Occasionally, on a quiet back road outside of the Village of Waldo, lurks artistic genius. While he spends the majority of his time as a full professor of art at the University of Hawai’i Manoa (UHM), Rick Mills is a Marion native and nationally recognized artist known for his large scale glass and mixed media sculptures. And, occasionally he can be found in his Waldo barn which is being renovated into an art glass studio.
Mills grew up in Marion and received his Bachelor of Fine Art degree from Ohio State, as well as a Masters of Fine Art from the University of Hawaii. Much lauded for his talent, Mills received two Creative Glass Center of America Fellowships in Millville, New Jersey, and a research fellowship at the Royal College of Art in London, England. Mills was hired in 1988 and charged with the goal of building the UHM’s glass program, which now awards undergraduate and graduate degrees with an emphasis in glass making.
“Developing an artistic voice is difficult to begin with and takes concerted effort, patience and a willingness to contend with failure. To develop ones’ voice in such a challenging medium as glass is even more difficult,” said Mills. “I believe my role as a professor is to foster a supportive, yet challenging, learning environment to inspire students to excel and to help them develop as thoughtful individuals, good global citizens, and great artists. I try to instill within each of my students the sense responsibility to their community that comes with the honor of being an artist.”
In 1989, he initiated the Visiting Artist Program in Glass to bring artists from around the world to the University to share their expertise with his UHM students. More than 65 artists have donated the work they made to the program to enable the next artists to come to Hawaii. Additionally, Mills taught courses in glass casting at the renowned Pilchuck Glass School in Stanwood, Washington.
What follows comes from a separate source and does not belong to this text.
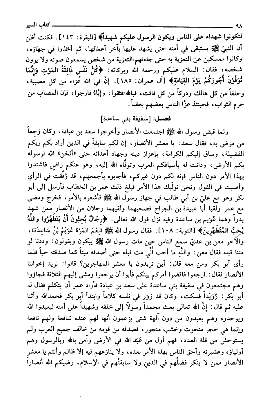 وَلَمَّا قُبِضَ رَسُولُ اللَّهِ - صَلَّى اللَّهُ عَلَيْهِ وَسَلَّم َ - اجْتَمَعَتِ الْأَنْصَارُ وَأَخْرَجُوا سَعْدَ بْنَ عُبَادَةَ، وَكَانَ وَجِعًا مِنْ مَرَضٍ بِهِ، فَقَالَ سَعْدٌ: يَا مَعْشَرَ الْأَنْصَارِ، إِنَّ لَكُمْ سَابِقَةً فِي الدِّينِ أَرَادَ بِكُمْ رَبُّكُمُ الْفَضِيلَةَ، وَسَاقَ إِلَيْكُمُ الْكَرَامَةَ، بِإِعْزَازِ دِينِهِ وَجِهَادِ أَعْدَائِهِ حَتَّى " أَثْخَنَ " اللَّهُ لِرَسُولِهِ بِكُمُ الْأَرْضَ، وَدَانَتْ لَهُ بِأَسْيَافِكُمُ الْعَرَبُ وَتَوَفَّاهُ اللَّهُ إِلَيْهِ، وَهُوَ عَنْكُمْ رَاضٍ فَاشْتَدُّوا بِهَذَا الْأَمْرِ دُونَ النَّاسِ فَإِنَّهُ لَكُمْ دُونَ غَيْرِكُمْ، فَأَجَابُوهُ بِأَجْمَعِهِمْ، قَدْ وُفِّقْتَ فِي الرَّأْيِ وَأَصَبْتَ فِي الْقَوْلِ وَنَحْنُ نُوَلِّيكَ هَذَا الْأَمْرَ فَبَلَغَ ذَلِكَ عُمَرَ بْنَ الْخَطَّابِ فَأَرْسَلَ إِلَى أبو بَكْرٍ وَهُوَ مَعَ عَلِيِّ بْنِ أَبِي طَالِبٍ فِي جَهَازِ رَسُولِ اللَّهِ - صَلَّى اللَّهُ عَلَيْهِ وَسَلَّم َ - فَأَشْعَرَهُ بِالْأَمْرِ، فَخَرَجَ وَمَضَى مَعَ عُمَرَ وَلَقِيَا أَبَا عُبَيْدَةَ بْنَ الْجَرَّاحِ فَصَحِبَهُمَا وَلَقِيَهُمَا رَجُلَانِ مِنَ الْأَنْصَارِ مِمَّنْ شَهِدَ بَدْرًا وَهُمَا عُوَيْمُ بْنُ سَاعِدَةَ وَفِيهِ نَزَلَ قَوْلُ اللَّهِ تَعَالَى {رجال يحبون أن يتطهروا والله يحب المتطهرين} [التوبة: 108] فَقَالَ رَسُولُ اللَّهِ - صَلَّى اللَّهُ عَلَيْهِ وَسَلَّم َ - " نِعْمَ الْمَرْءُ عُوَيْمُ بْنُ سَاعِدَةَ " وَالْآخَرُ مَعْنُ بْنُ عَدِيٍّ سَمِعَ النَّاسَ حِينَ مَاتَ رَسُولُ اللَّهِ - صَلَّى اللَّهُ عَلَيْهِ وَسَلَّم َ - يَبْكُونَ وَيَقُولُونَ: وَدِدْنَا لَوْ مُتْنَا قَبْلَهُ فَقَالَ مَعْنٌ: وَاللَّهِ مَا أُحِبُّ أَنِّي مِتُّ قَبْلَهُ حَتَّى أُصَدِّقَهُ مَيِّتًا كَمَا صَدَّقْتُهُ حَيًّا فَلَمَّا رأى أبو بَكْرٍ وَمَنْ مَعَهُ قَالَ: أَيْنَ تُرِيدُونَ يَا معشر المهاجرين؟ فقالوا: نُرِيدُ إِخْوَانَنَا الْأَنْصَارَ فَقَالَ: ارْجِعُوا فَاقْضُوا أَمْرَكُمْ بَيْنَكُمْ فَأَبَوْا أَنْ يَرْجِعُوا وَمَشَى إِلَيْهِمُ الثَّلَاثَةُ فجاؤوا وَهُمْ مُجْتَمِعُونَ فِي سَقِيفَةِ بَنِي سَاعِدَةَ عَلَى سَعْدِ بْنِ عُبَادَةَ فَأَرَادَ عُمَرُ أَنْ يَتَكَلَّمَ فَقَالَ لَهُ أَبُو بَكْرٍ: رُوَيْدًا فَسَكَتَ، وَكَانَ قَدْ زَوَّرَ فِي نَفْسِهِ كَلَامًا وَابْتَدَأَ أَبُو بكر فحمد الله واثنا عَلَيْهِ ثُمَّ قَالَ: إِنَّ اللَّهَ تَعَالَى بَعَثَ مُحَمَّدًا رَسُولًا إِلَى خَلْقِهِ وَشَهِيدًا عَلَى أُمَّتِهِ ليعبدوا الله ويوحدوه وهم يعبدون من دون آلِهَةً شَتَّى يَزْعُمُونَ أَنَّهَا لَهُمْ عِنْدَهُ شَافِعَةٌ وَلَهُمْ نَافِعَةٌ وَإِنَّمَا هِيَ حَجَرٌ مَنْحُوتٌ وَخَشَبٌ مَنْجُورٌ، فَصَدَّقَهُ مِنْ قَوْمِهِ مَنْ خَالَفَ جَمِيعَ الْعَرَبِ وَلَمْ يَسْتَوْحِشْ مِنْ قِلَّةِ الْعَدَدِ، فَهُمْ أَوَّلُ مَنْ عَبَدَ اللَّهَ فِي الْأَرْضِ وَآمَنَ بِاللَّهِ وَبِالرَّسُولِ وَهُمْ أَوْلِيَاؤُهُ وَعَشِيرَتُهُ وَأَحَقُّ النَّاسِ بِهَذَا الْأَمْرِ بَعْدَهُ، وَلَا يُنَازِعُهُمْ فِيهِ إِلَّا ظَالِمٌ وَأَنْتُمْ يَا مَعْشَرَ الْأَنْصَارِ مِمَّنْ لَا يُنْكَرُ فَضْلُهُمْ فِي الدِّينِ وَلَا سَابِقَتُهُمْ فِي الْإِسْلَامِ، رَضِيَكُمُ اللَّهُ أَنْصَارًا

Through the years, his work has been widely exhibited locally, nationally and internationally in such diverse places as the International Glass Kanazawa in Japan, Crossings in France and Hawaii and the Friesen Gallery in Seattle.
Mills is recognized for his large-scale public sculptures in glass. Two notable commissions by the Hawaii State Foundation on Culture and the Arts were created for the Queen Liliokalani Student Services Center at the University of Hawaii at Manoa and the Hawaii Convention Center in Honolulu. Another of his large glass wall relief sculptures resides at Leilehua High School in Hawaii, as does his glass curtain wall at the Maui Memorial Medical Center.
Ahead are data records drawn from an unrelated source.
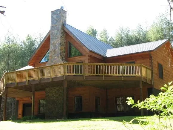 A private driveway leads to this 2560 finished sq. ft. , (3 bedrooms, 3 baths) beautiful home just build in 2007 with solid quality in mind, a true log home, no drywall here! The floors are 6" plank and ceilings are heavy timber exposed beam. Featuring an open floor plan on each level and the bedrooms have adjoining baths. The main floor has a large great room/kitchen/dining with massive windows to allow in lots of natural light. There is a large woodburning stone fireplace in the living area for cool nights, a large custom deck for sunny days and a covered porch for those too sunny days. You'll love this kitchen with superior quality Shuler Sugar Creek Cherry cabinets with a hand rubbed finish, built in GE Profile and Bosch appliances and lots of counter space. All baths are upgraded with Kohler/American Standard fixtures and are finished with custom cabinets and quality tile work. The master suite has sliding doors to the deck and the bath offers you a walk-in tile shower, jacuzzi tub and a beautiful vanity. There is a second living area with a full kitchen, bath and bedroom in the full daylight basement that also has a separate entrance making it perfect for a mother in law or teen quarters. 1088 finished sq. ft. in basement and 384 sq. ft. unfinished with a garage door. Plus there is a nice laundry room with front loading GE washer, dryer and upright freezer all new and included with the purchase of this home. There is also a large Duchwest woodstove that will heat the entire house, 400 amp service, underground power and a generator hookup. Outside, there is a matching workshop complete with electrical service for your creative side.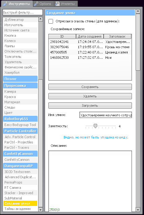 • Сохранённые записи - после заполнения всех пунктов можно сохранить улику и использовать в будущем.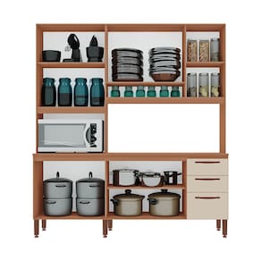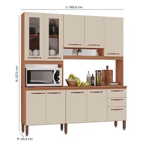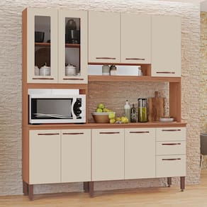 Armário de Cozinha Dáfine 100% MDF Tuboarte 9 Portas e 3 Gavetas - Bege Claro
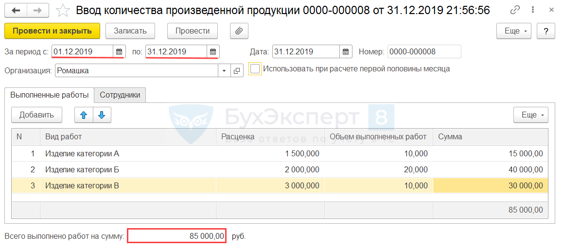 Создадим документ Данные для расчета зарплаты для ввода сведений об объеме производства продукции. В документ укажем, что данные о сдельном заработке вводятся За период с 01.12.2019 по 31.12.2019. На вкладке Выполненные работы заполним Виды работ и Объем выполненных работ. Показатели табличной части Расценка и Сумма, а также итоговый показатель Всего выполнено работ на сумму будут заполнены автоматически.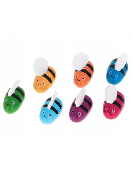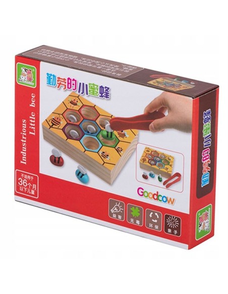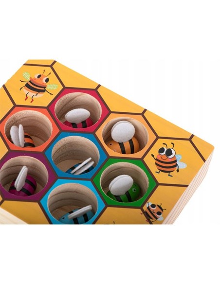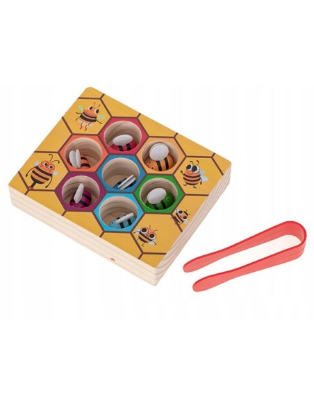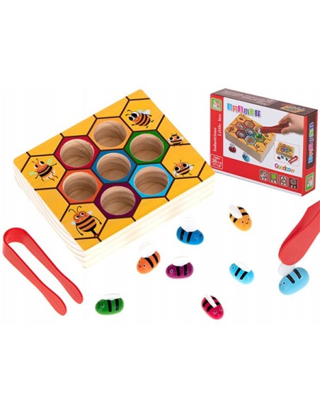 Vaiko užduotis – pridedamo pinceto pagalba ištraukti spalvotas bites, o po to kiekvieną įstatyti į spalvą atitinkančią skylutę.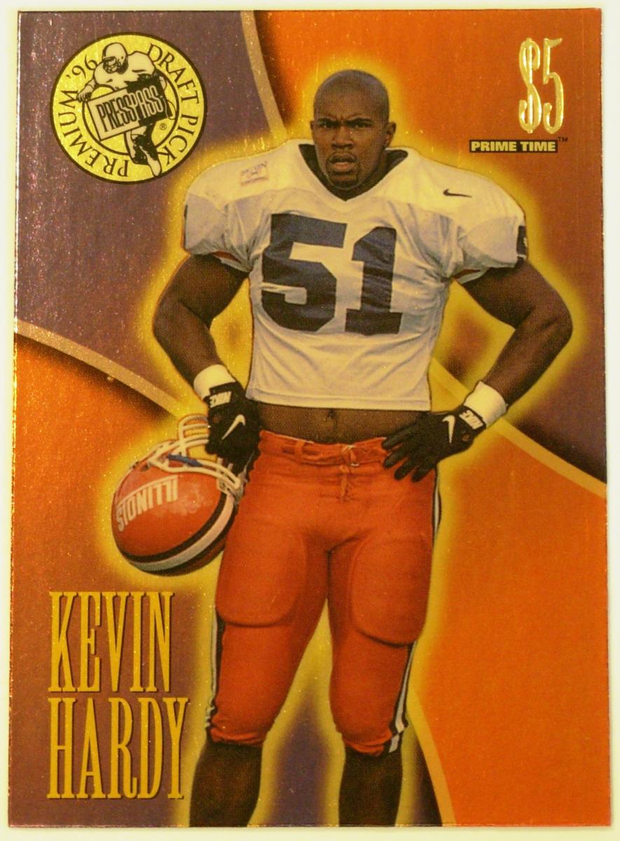 This is a $5 card associated with football sports collectibles. The visual presentation highlights Kevin Hardy’s role as a draft pick from 1996, with the team colors incorporated through the card’s design elements and the player’s uniform. The card combines sports imagery and branding for a collectible purpose.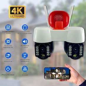 Você pode gravar áudio com a sua voz personalizada para espantar intrusos, com detector de movimento e a sua voz gravada, e ao passar o intruso a câmera vai reproduzir sua voz gravada de até 10 segundos.

A Google image search for “Rick Mills glass” will produce a feast for the eyes.
In 2002, Mills received the Baciu Award for his glass sculpture entitled “The Midden and the Maid” in the Artists of Hawaii annual statewide exhibition at the Honolulu Academy of Arts. His sculptures and blown glass are in numerous private and public collections. More recently, in 2015, Mills completed a series of five large-scale monolithic glass sculptures entitled “The Spirit of Manoa: In the Light of Day” for the new Hawaii State Public Library in Manoa, Honolulu, as part of SFCA’s Art in Public Places Program.
His recent works often encapsulate figurative elements in cast glass, as in Once Empty, Twice Full in the collection of the Hawaii State Art Museum. The Glasmuseet Ebeltoft in Denmark, the Hawaii State Art Museum, the Honolulu Museum of Art, the Museum of American Glass (New Jersey), and the Royal College of Art (London) are among the museums holding works by Rick Mills.
Locally, he has been renovating his family’s Amish barn into an art glass studio since 2008. Rick and his wife, Hanae U. Mills, have long dreamed of building the studio on the property and, after 10 years of determination and help from long-time friends, opened the studio with a Christmas glass sale in December 2018. Hanae is also an artist; she is accomplished in printmaking and mixed-media works.
“Ohio has a great deal to offer,” said Mills. “Sometimes you don’t realize what you have until you step away from it and gain some perspective. People are very friendly, helpful; and parts of Ohio are incredibly beautiful and unique.”